PROBLEM STATEMENT: Retype word for word the line containing "Le ventilateur UFESA" and each line that follows it in the records below, through the last one, with no pictures.

RAW DATA:
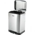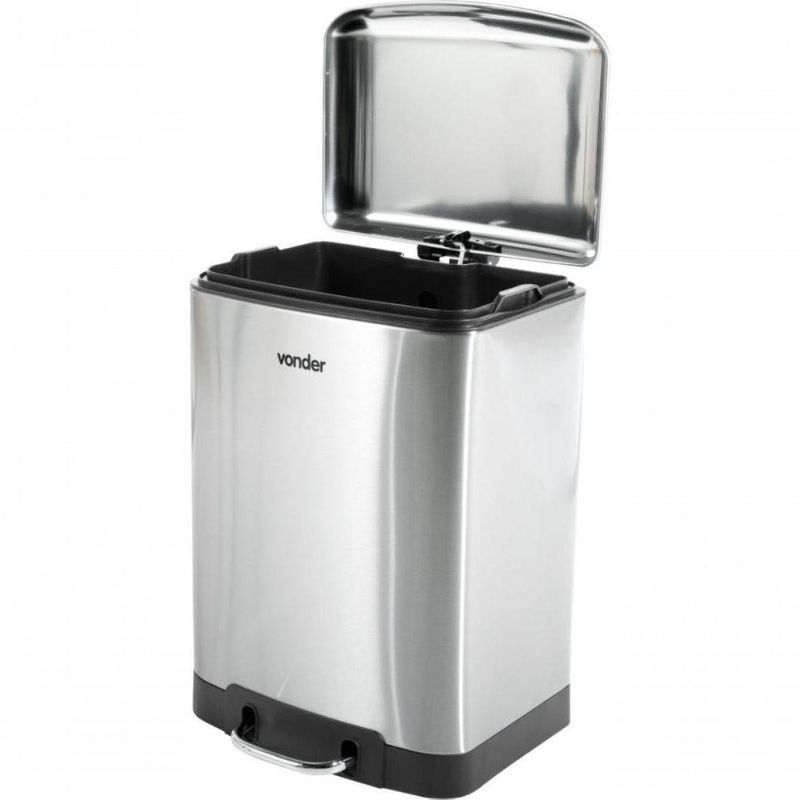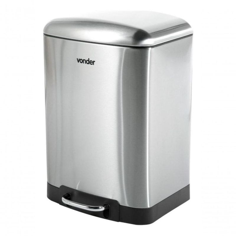 Lixeira Retangular 12 Litros Inox Cinza VonderMarca: VonderConteúdo da embalagem: 1 LixeiraDestaques e diferenciais:Fabricada em aço inox 410. Possui bandeja plástica, alça plástica e abertura da tampa por pedal com sistema de amortecimento.Dicas de uso:Indicada para descarte de resíduos.Detalhes Técnicos:Capacidade: 12,0 litros Formato: Retangular Tipo de tampa: Inox, abertura por pedal Dimensões: Largura: 275 mm / Profundidade: 190 mm / Altura: 402 mm Cor da lixeira: Cinza (Inox) Material (tipo/composição): Aço Inox 410 NA
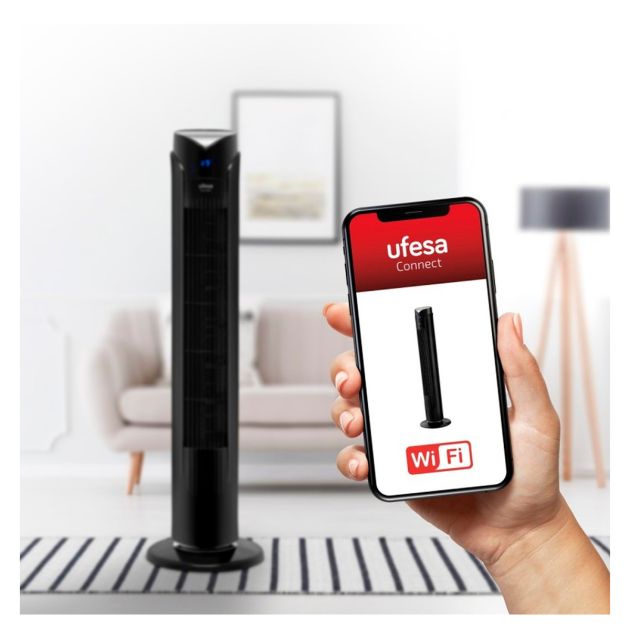 Le ventilateur UFESA intègre la technologie Wi-Fi, vous permettant de le contrôler depuis votre smartphone via l'application Ufesa Connect. Vous pouvez ainsi ajuster les paramètres sans bouger de votre lit, pour un confort sur mesure.
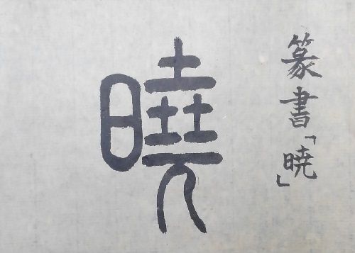 2つ目は篆書の「暁」が題材。古い「暁」には「土」が3つあるのが特徴です。偏を丸くして左側に大きく書き、旁は縦に凝縮して横長の作品に仕上げました。
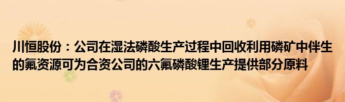 以上就是【川恒股份:公司在湿法磷酸生产过程中回收利用磷矿中伴生的氟资源可为合资公司的六氟磷酸锂生产提供部分原料】相关内容。
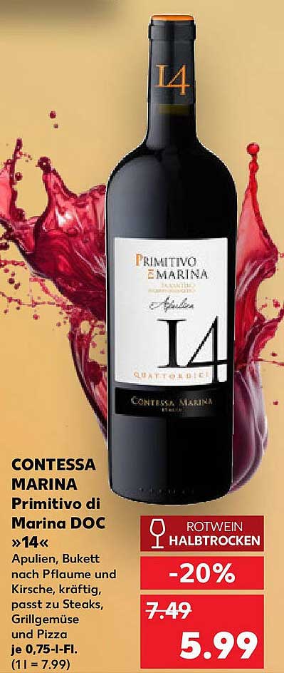 Der ursprüngliche Preis des CONTESSA MARINA Primitivo beträgt 7,49 €. Durch die aktuelle Aktion profitieren Sie von einer Ersparnis von 20%, sodass Sie den Wein nun für nur 5,99 € erhalten. Ein tolles Angebot, das sowohl den Geldbeutel schont als auch den Gaumen verwöhnt.
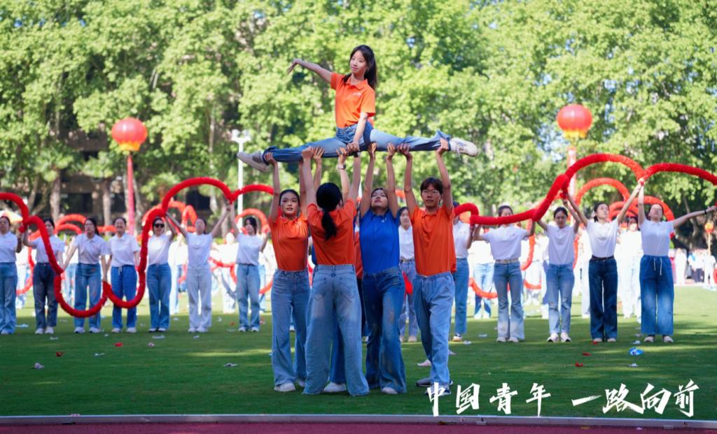 第三篇章《薪火相传 未来我来》中,艺术体操方阵的队员们身着统一服装,手持彩色花环,动作舒展流畅。随着音乐节奏不断变换队形,整体编排整齐有序。花环在手中交替起落,队形聚散之间层次分明。表演接近尾声时,方阵巧妙排列出“130”三个数字,造型清晰醒目。全体队员以这一方式向百卅交大送上真挚祝福。
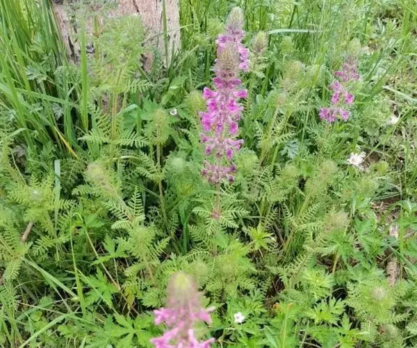 返顾马先蒿:多年生草本,高30-70cm。根多数丛生,细长而纤维状。茎常单生,直立,上部分枝,粗壮,中空,方形有棱。叶互生或对生;叶柄短,上部叶近无柄,无毛;叶片膜质至纸质;卵形至长圆状披针形,长2.5-5.5cm,宽1-2cm,先端渐窄,基部楔形或圆形,边缘有钝圆的重锯齿,两面无毛或有疏毛。花单生于茎枝顶端的叶腋中;无梗或有短梗;萼长圆卵形,膜质,前方深裂,齿仅2枚,宽三角形,全缘或略有齿,光滑或有微缘毛;花冠淡紫红色,长2-2.5cm,管长1.2-1.5cm,向右扭旋,上唇盔状,扭向右方,下唇大,有缘毛,3裂,中裂较小;雄蕊花丝前面一对有毛;花柱伸出喙端。蒴果斜长圆状披针形,长1-1.6cm。花期6-8月,果期7-9月。

SOLUTION TO THIS EXERCISE:
 Le ventilateur UFESA intègre la technologie Wi-Fi, vous permettant de le contrôler depuis votre smartphone via l'application Ufesa Connect. Vous pouvez ainsi ajuster les paramètres sans bouger de votre lit, pour un confort sur mesure.
 2つ目は篆書の「暁」が題材。古い「暁」には「土」が3つあるのが特徴です。偏を丸くして左側に大きく書き、旁は縦に凝縮して横長の作品に仕上げました。
 以上就是【川恒股份:公司在湿法磷酸生产过程中回收利用磷矿中伴生的氟资源可为合资公司的六氟磷酸锂生产提供部分原料】相关内容。
 Der ursprüngliche Preis des CONTESSA MARINA Primitivo beträgt 7,49 €. Durch die aktuelle Aktion profitieren Sie von einer Ersparnis von 20%, sodass Sie den Wein nun für nur 5,99 € erhalten. Ein tolles Angebot, das sowohl den Geldbeutel schont als auch den Gaumen verwöhnt.
 第三篇章《薪火相传 未来我来》中,艺术体操方阵的队员们身着统一服装,手持彩色花环,动作舒展流畅。随着音乐节奏不断变换队形,整体编排整齐有序。花环在手中交替起落,队形聚散之间层次分明。表演接近尾声时,方阵巧妙排列出“130”三个数字,造型清晰醒目。全体队员以这一方式向百卅交大送上真挚祝福。
 返顾马先蒿:多年生草本,高30-70cm。根多数丛生,细长而纤维状。茎常单生,直立,上部分枝,粗壮,中空,方形有棱。叶互生或对生;叶柄短,上部叶近无柄,无毛;叶片膜质至纸质;卵形至长圆状披针形,长2.5-5.5cm,宽1-2cm,先端渐窄,基部楔形或圆形,边缘有钝圆的重锯齿,两面无毛或有疏毛。花单生于茎枝顶端的叶腋中;无梗或有短梗;萼长圆卵形,膜质,前方深裂,齿仅2枚,宽三角形,全缘或略有齿,光滑或有微缘毛;花冠淡紫红色,长2-2.5cm,管长1.2-1.5cm,向右扭旋,上唇盔状,扭向右方,下唇大,有缘毛,3裂,中裂较小;雄蕊花丝前面一对有毛;花柱伸出喙端。蒴果斜长圆状披针形,长1-1.6cm。花期6-8月,果期7-9月。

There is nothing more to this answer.